# [Task objective]
Begin at the line containing "Free People Too" and restate it and each line after it exactly, up to and including the last line below. Leave pictures out.

[Dataset items]
++++++++++++++++++++
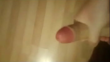 The guy starts stroking his dick
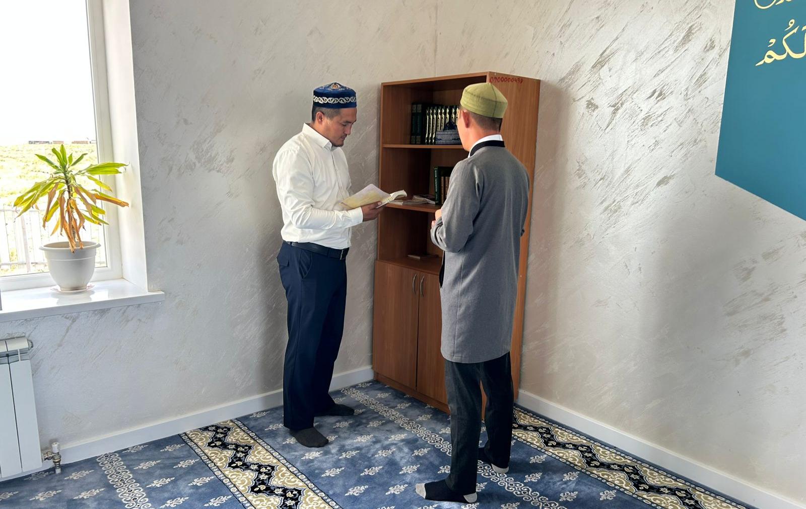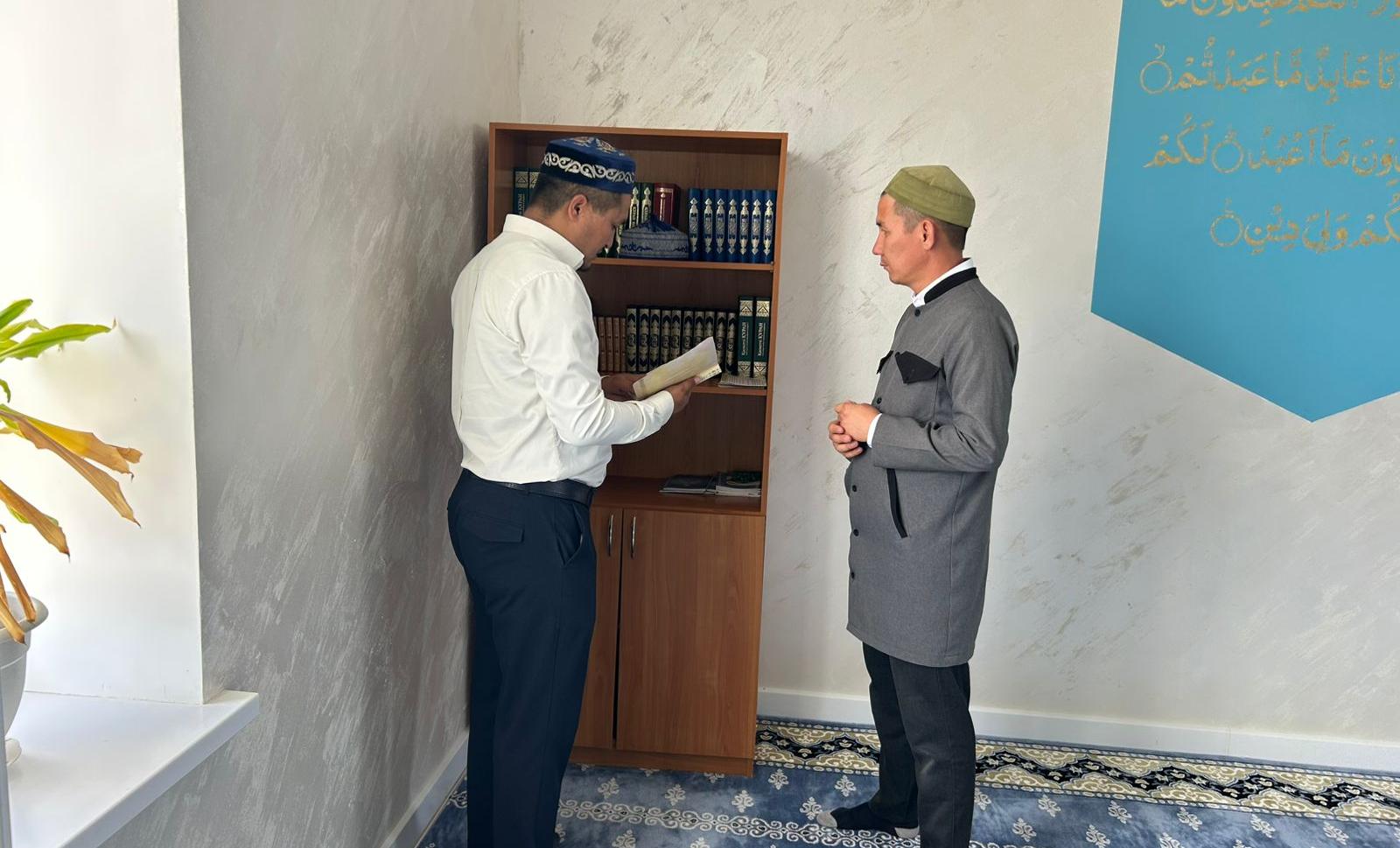 Іс сапар қорытындысында Бас имам мешіт кітапханасына назар аударып, ондағы кітаптардың ҚМДБ-ның оң қорытындысына сәйкестігін тексерді.
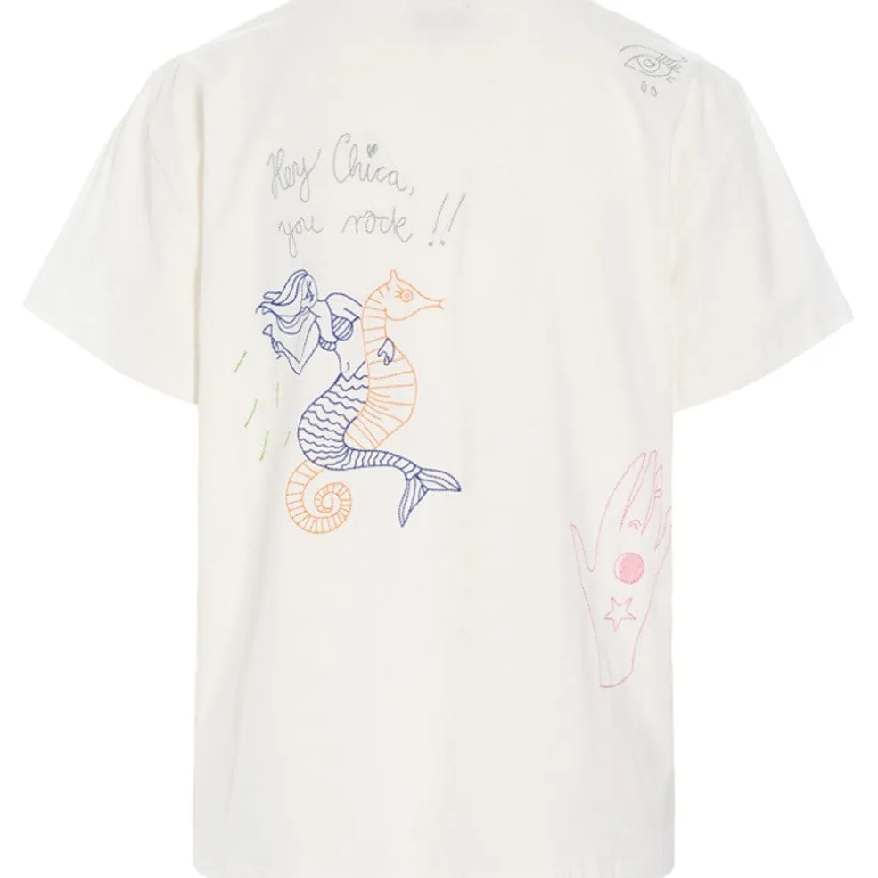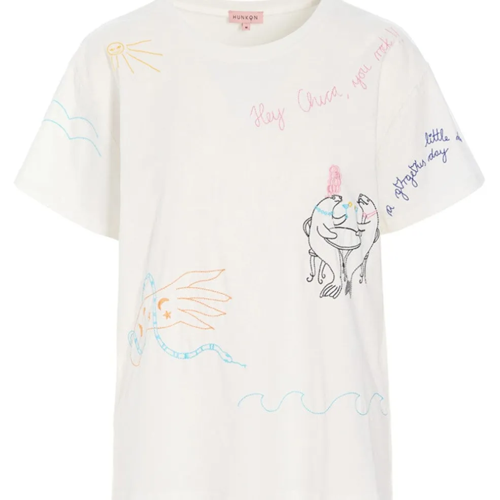 Hvid T-shirt fra Hunkøn med farverige broderier af figurer, symboler og tekst spredt over stoffet.
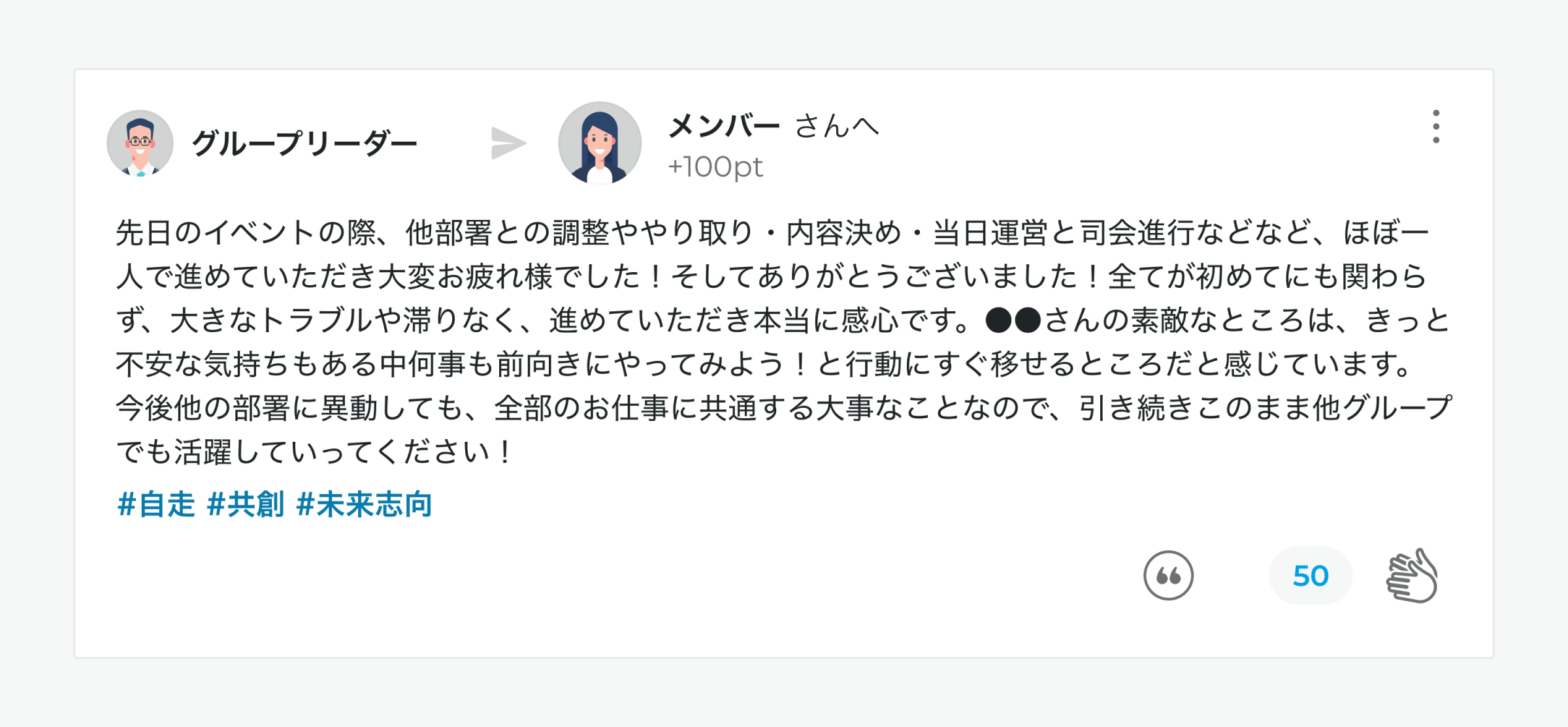 「貢献に対する称賛×少額のインセンティブ」を送り合うことで称賛文化を醸成し、組織を変える行動を増やします。心理的安全性やエンゲージメントの向上、離職率改善など「強い組織」づくりをサポートします。
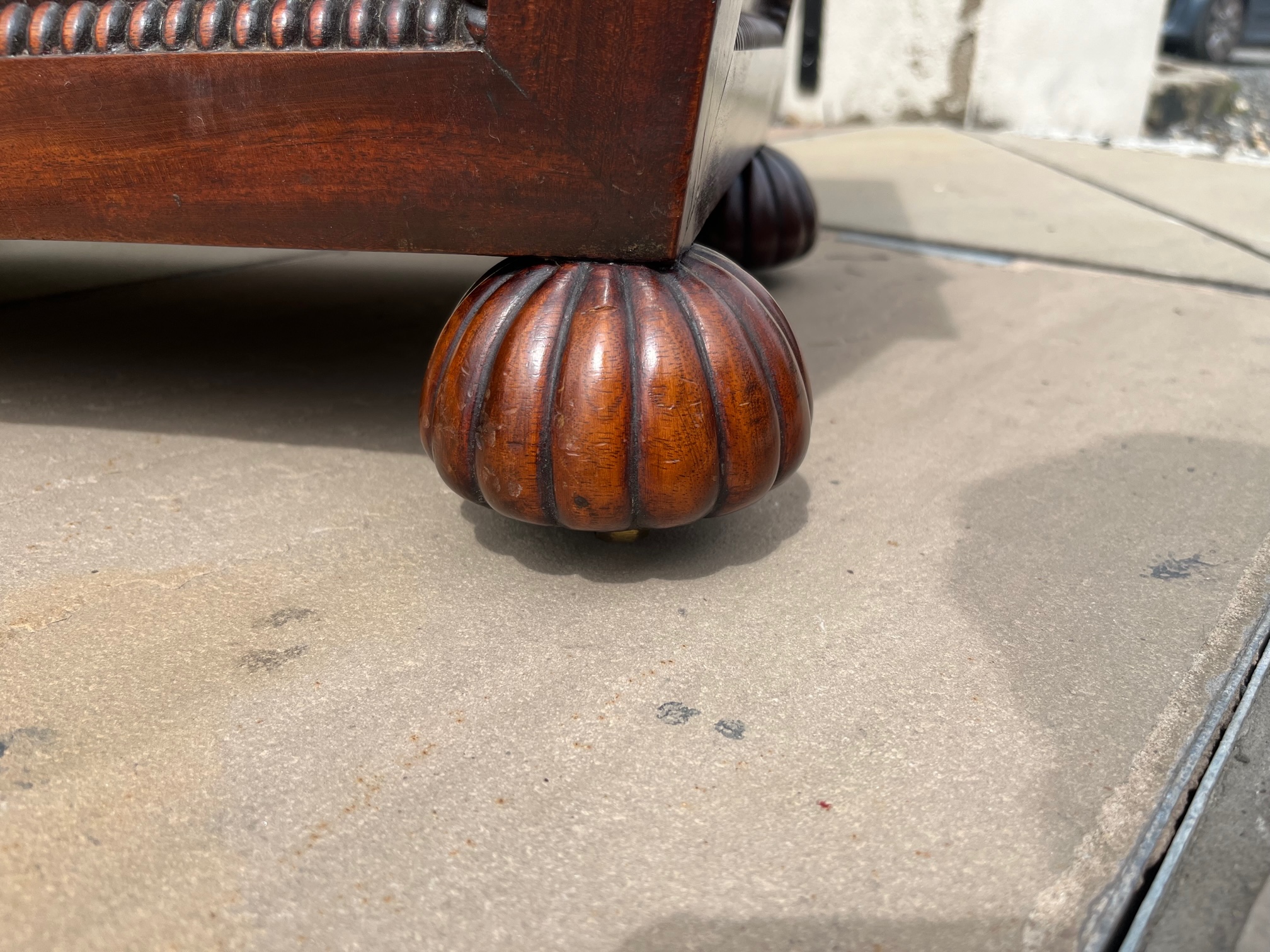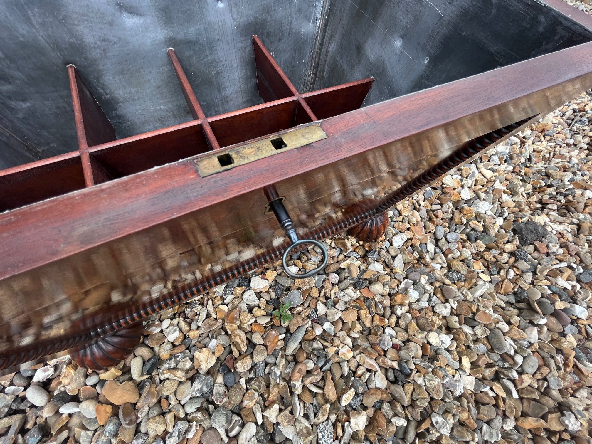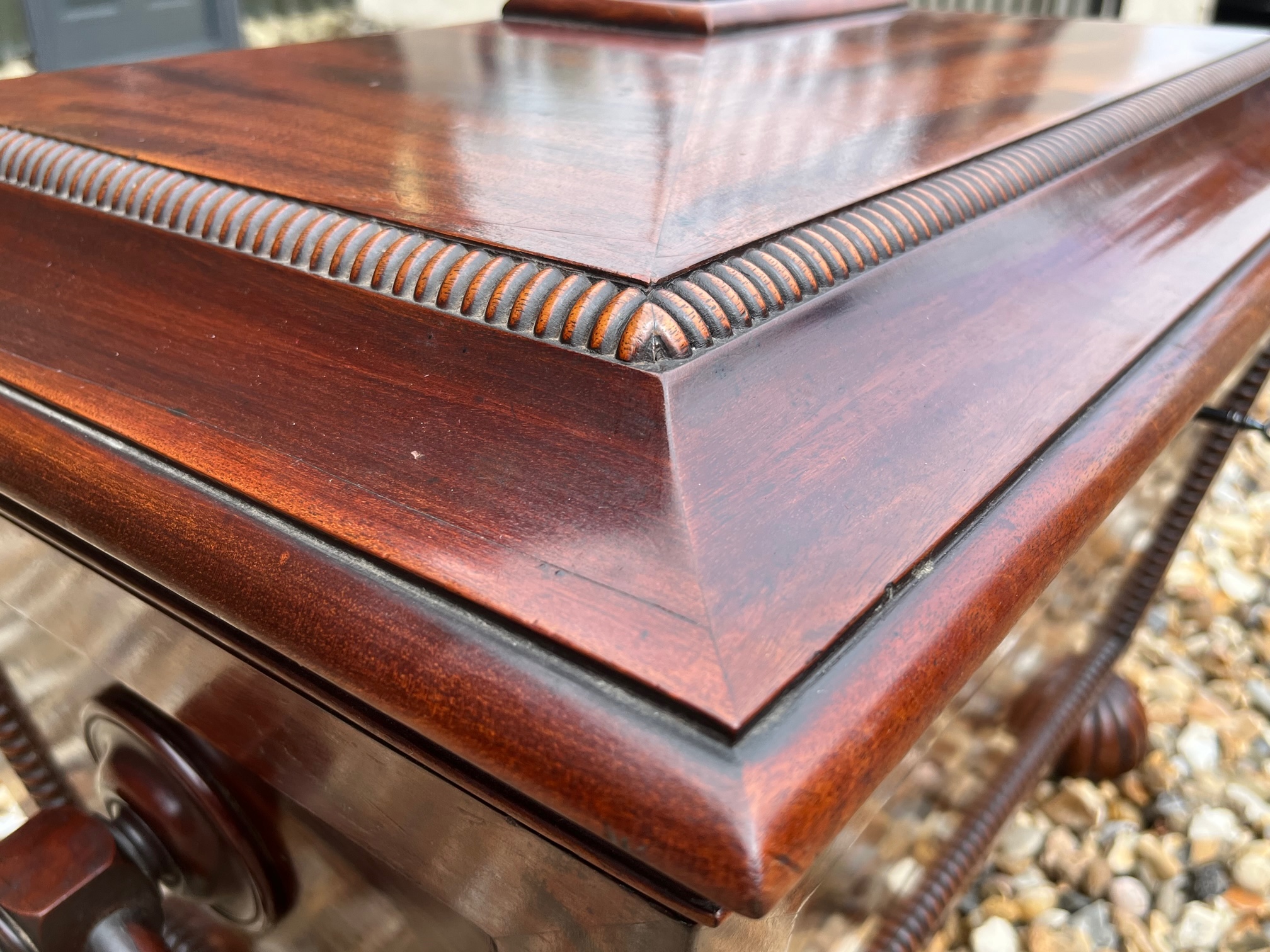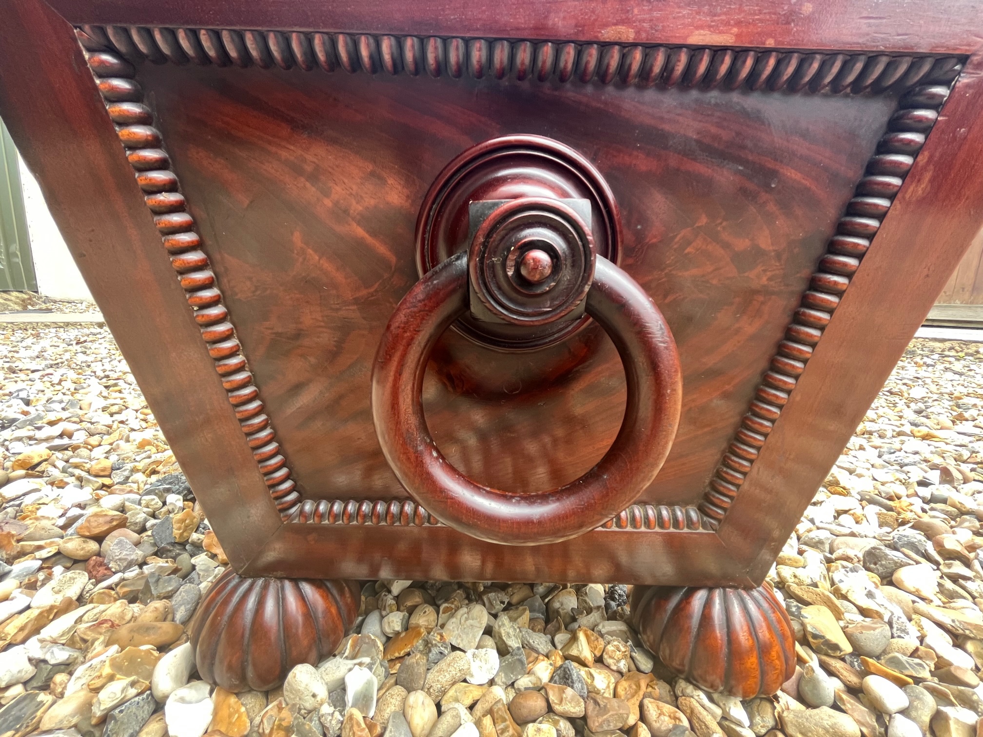 CompareA fine quality Regency Period mahogany wine cooler. The hinged rectangular top with faceted panels with fine quality mouldings and opening to reveal a lead lined interior with eight divisions for bottles. The front, sides and back in solid mahogany with flame mahogany veneered panels and moulded detail. Having turned mahogany handles and roundels to each side. Raised on carved melon feet with inset copes castors. Fantastic original condition throughout and of beautiful colour and patination. English circa 1820
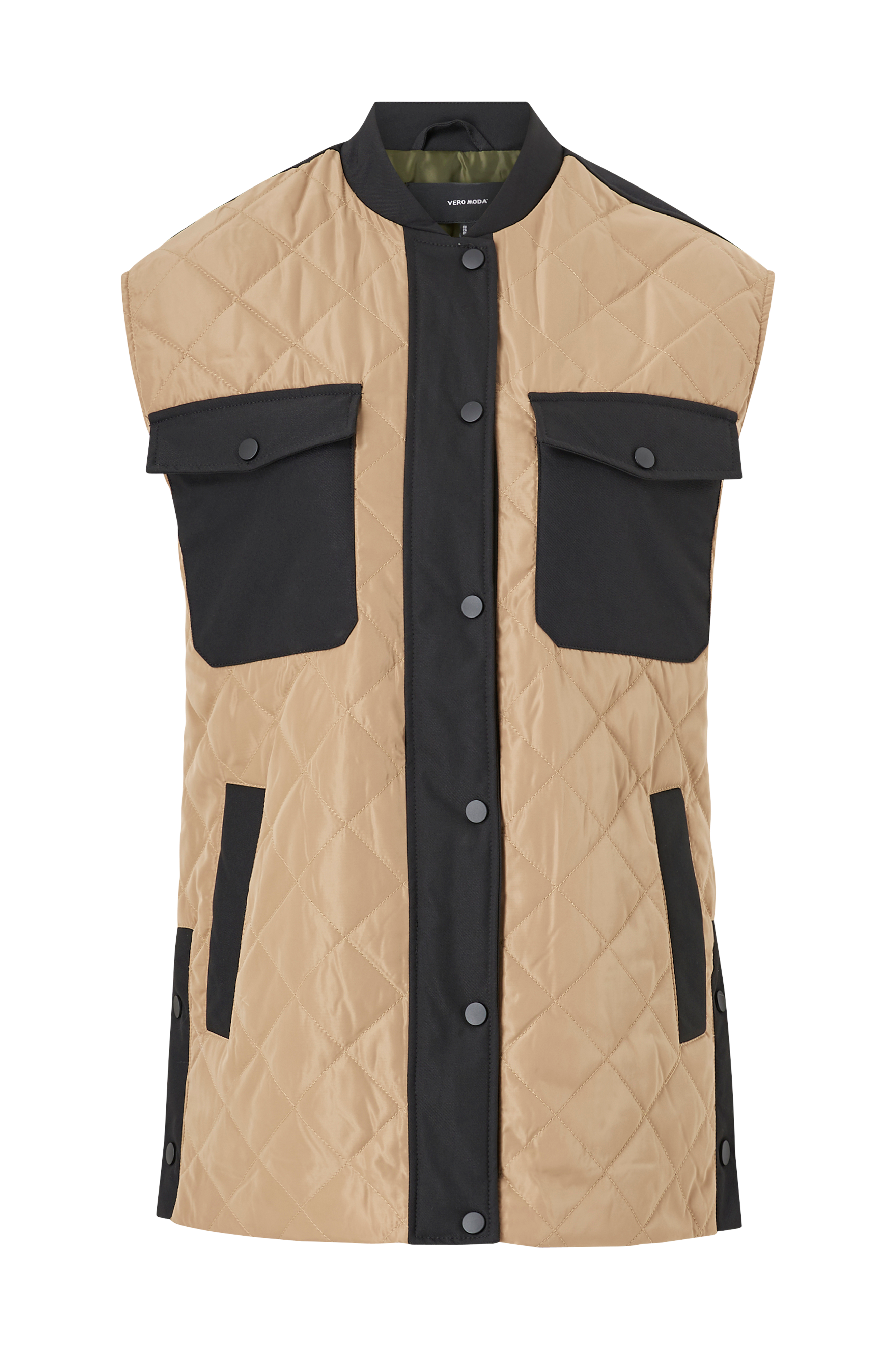 Quiltet og let vatteret vest med detaljer i vævet stof. Rund hals og trykknapper. To lommer forneden og to brystlommer med lommeklap med knap. Trykknapper i siderne forneden. Længde ca. 77 cm i str. S.
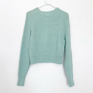 Free People Too Good Sweater Womens Size Large Opaline Green Mock Neck Pullover. New with tags. Long raglan sleeves. Pullover style.
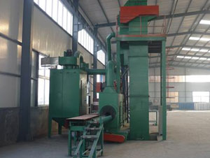 通过式抛丸机最早用于铸造、锻造件等粘砂和氧化皮等的去除。主要是利用高速旋转的叶轮把丸砂抛掷出去高速撞零件表面,达到表面处理的要求。
++++++++++++++++++++
# [Answer space]
 Free People Too Good Sweater Womens Size Large Opaline Green Mock Neck Pullover. New with tags. Long raglan sleeves. Pullover style.
 通过式抛丸机最早用于铸造、锻造件等粘砂和氧化皮等的去除。主要是利用高速旋转的叶轮把丸砂抛掷出去高速撞零件表面,达到表面处理的要求。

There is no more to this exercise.